▸ ABOUT THIS EXERCISE
Give an exact transcription limited to the lines from the one with "CIKARANG PUSAT - Mengawali" through the end of the entries, including both; no pictures belong in it.

Stored dataset items
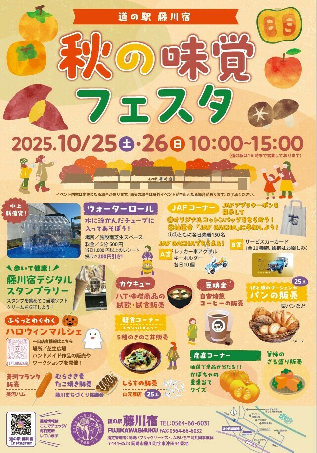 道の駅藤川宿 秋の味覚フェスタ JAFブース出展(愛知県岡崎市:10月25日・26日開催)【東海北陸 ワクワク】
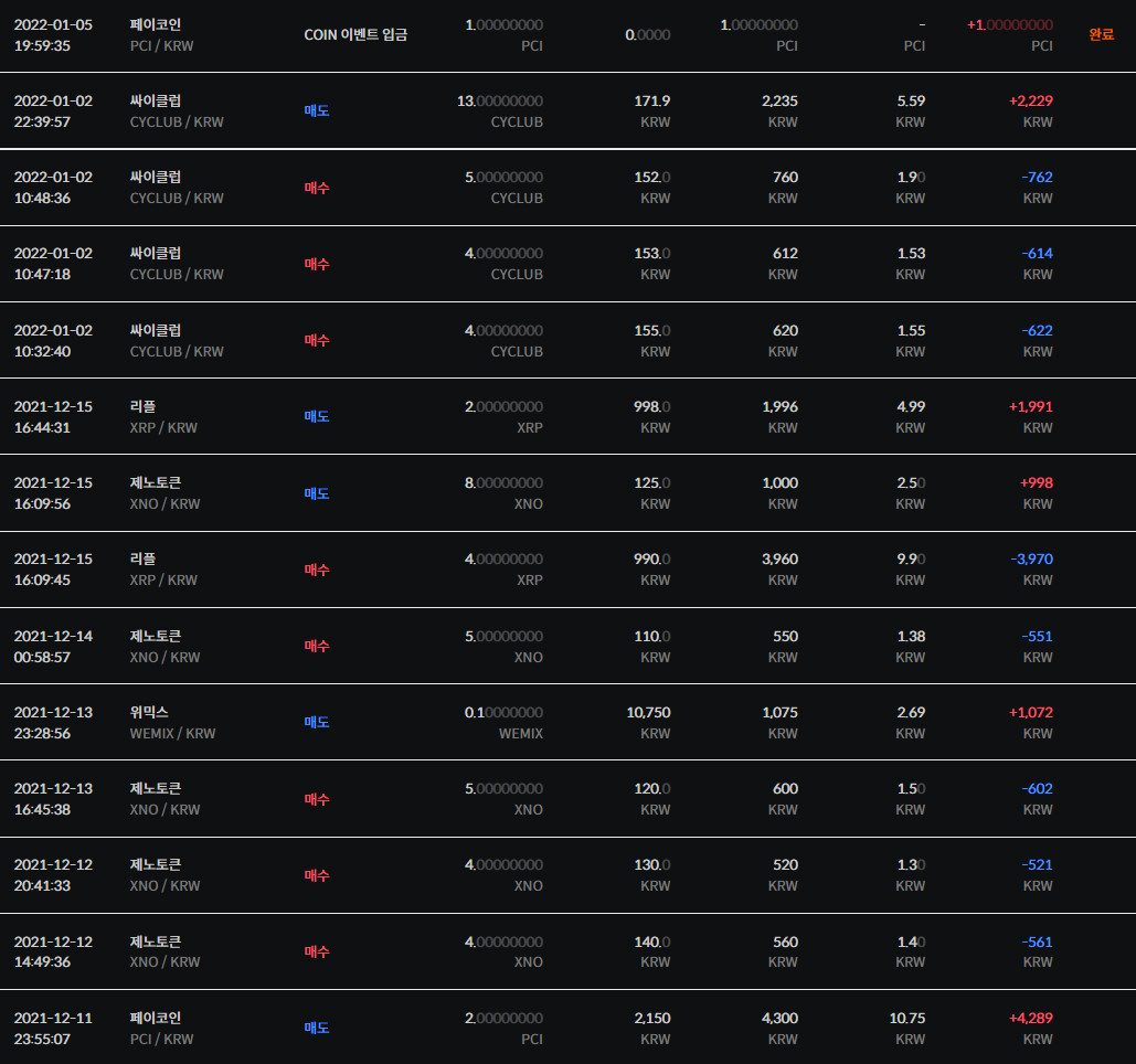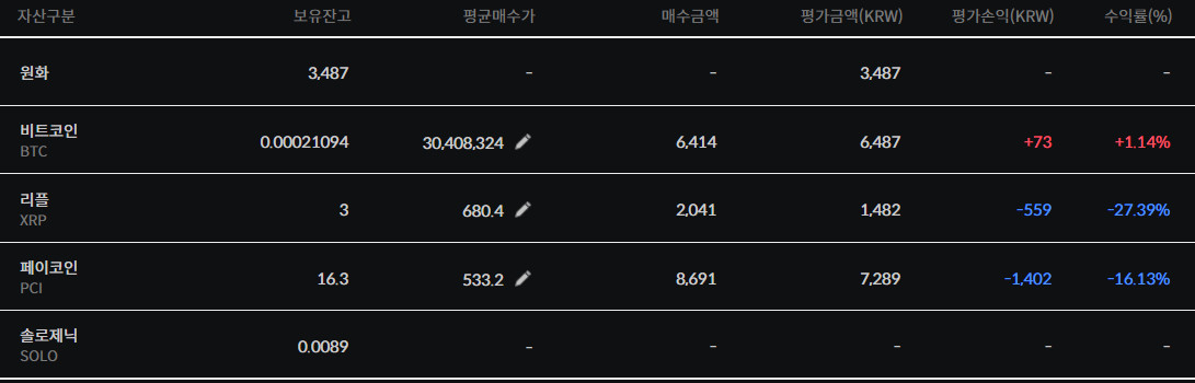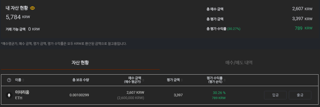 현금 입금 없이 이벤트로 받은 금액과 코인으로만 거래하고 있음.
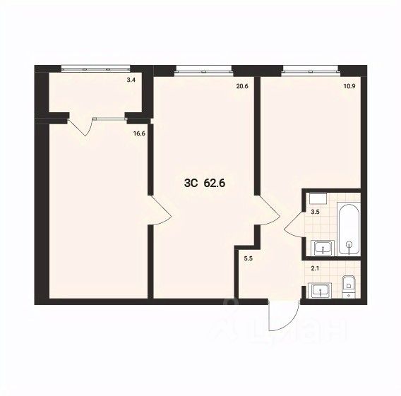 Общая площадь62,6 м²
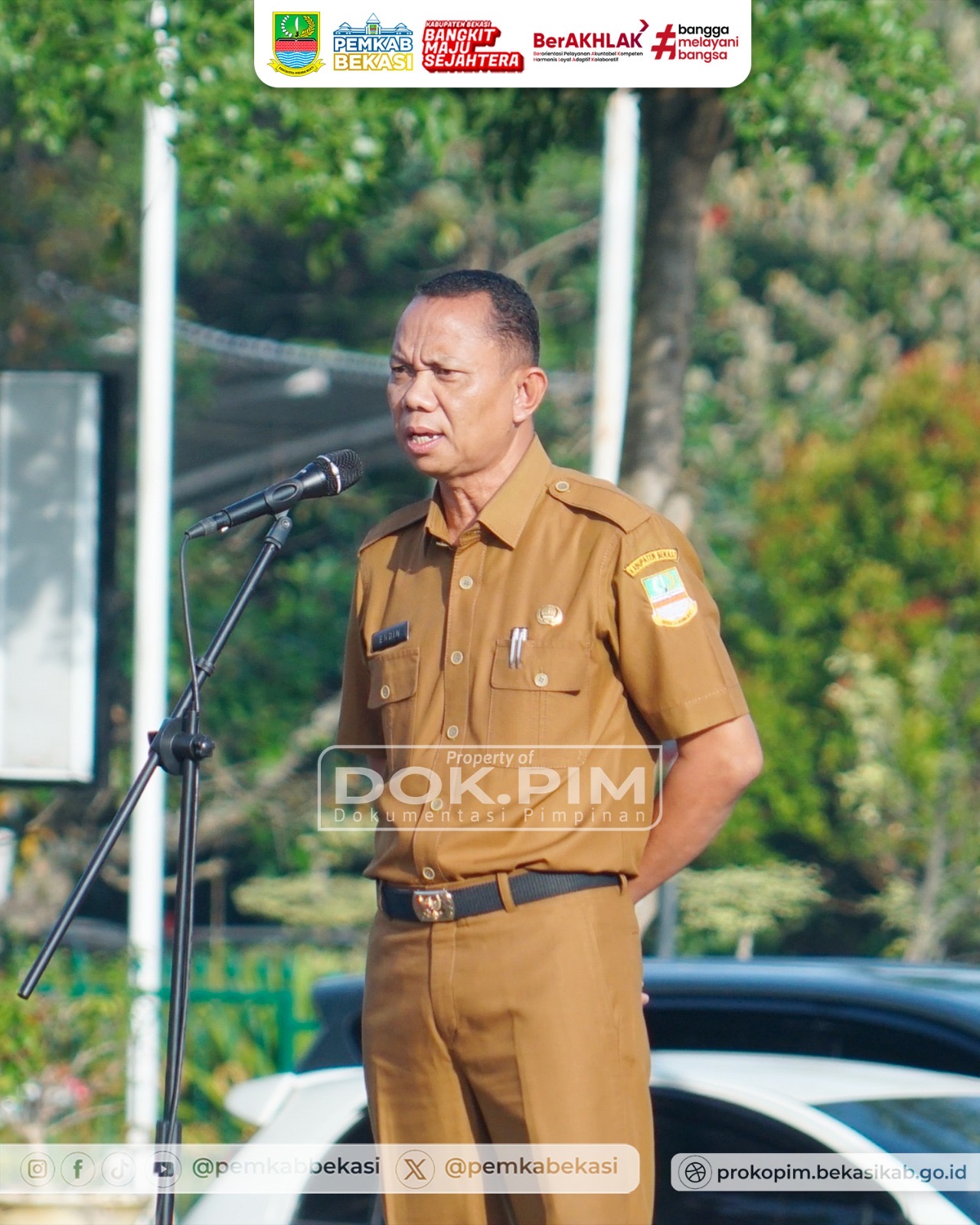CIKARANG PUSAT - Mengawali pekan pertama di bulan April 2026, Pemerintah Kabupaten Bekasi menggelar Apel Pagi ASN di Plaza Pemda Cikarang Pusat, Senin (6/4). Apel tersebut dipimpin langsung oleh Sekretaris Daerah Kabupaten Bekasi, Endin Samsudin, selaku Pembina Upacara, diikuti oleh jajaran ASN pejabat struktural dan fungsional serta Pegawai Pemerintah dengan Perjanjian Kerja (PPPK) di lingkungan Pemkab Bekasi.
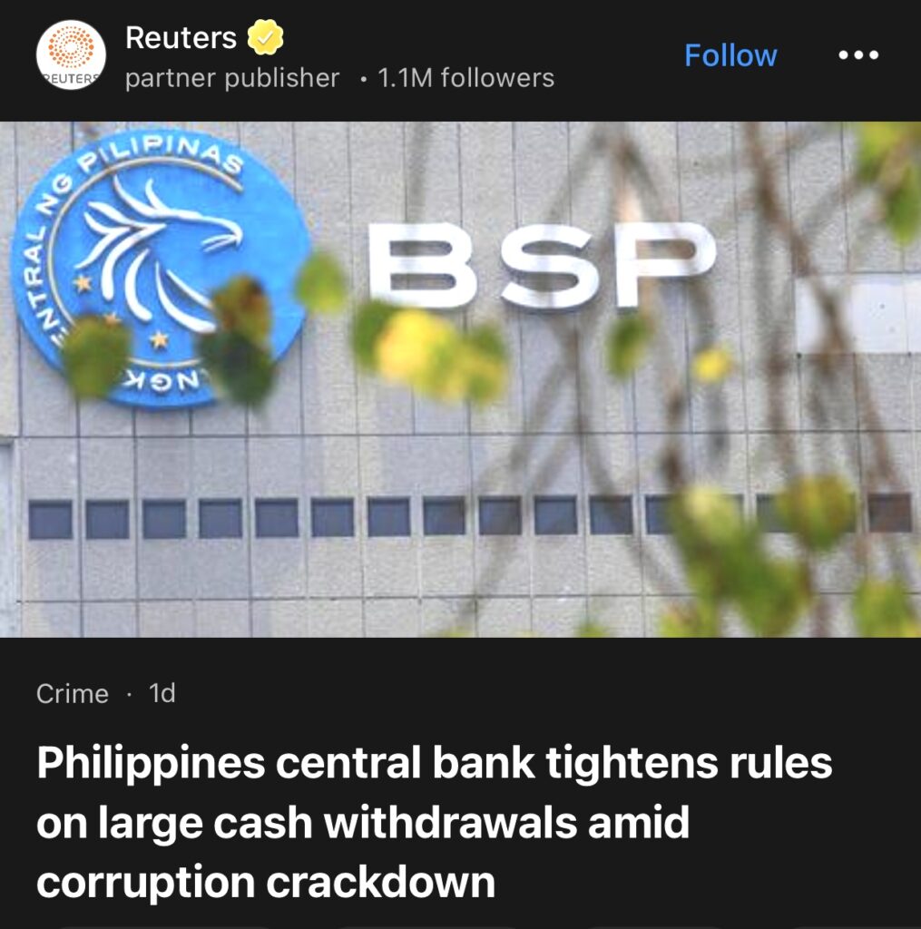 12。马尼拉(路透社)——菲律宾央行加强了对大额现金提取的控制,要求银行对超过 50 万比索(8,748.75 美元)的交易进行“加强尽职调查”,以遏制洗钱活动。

▸ RESULT OF THIS EXERCISE
CIKARANG PUSAT - Mengawali pekan pertama di bulan April 2026, Pemerintah Kabupaten Bekasi menggelar Apel Pagi ASN di Plaza Pemda Cikarang Pusat, Senin (6/4). Apel tersebut dipimpin langsung oleh Sekretaris Daerah Kabupaten Bekasi, Endin Samsudin, selaku Pembina Upacara, diikuti oleh jajaran ASN pejabat struktural dan fungsional serta Pegawai Pemerintah dengan Perjanjian Kerja (PPPK) di lingkungan Pemkab Bekasi.
 12。马尼拉(路透社)——菲律宾央行加强了对大额现金提取的控制,要求银行对超过 50 万比索(8,748.75 美元)的交易进行“加强尽职调查”,以遏制洗钱活动。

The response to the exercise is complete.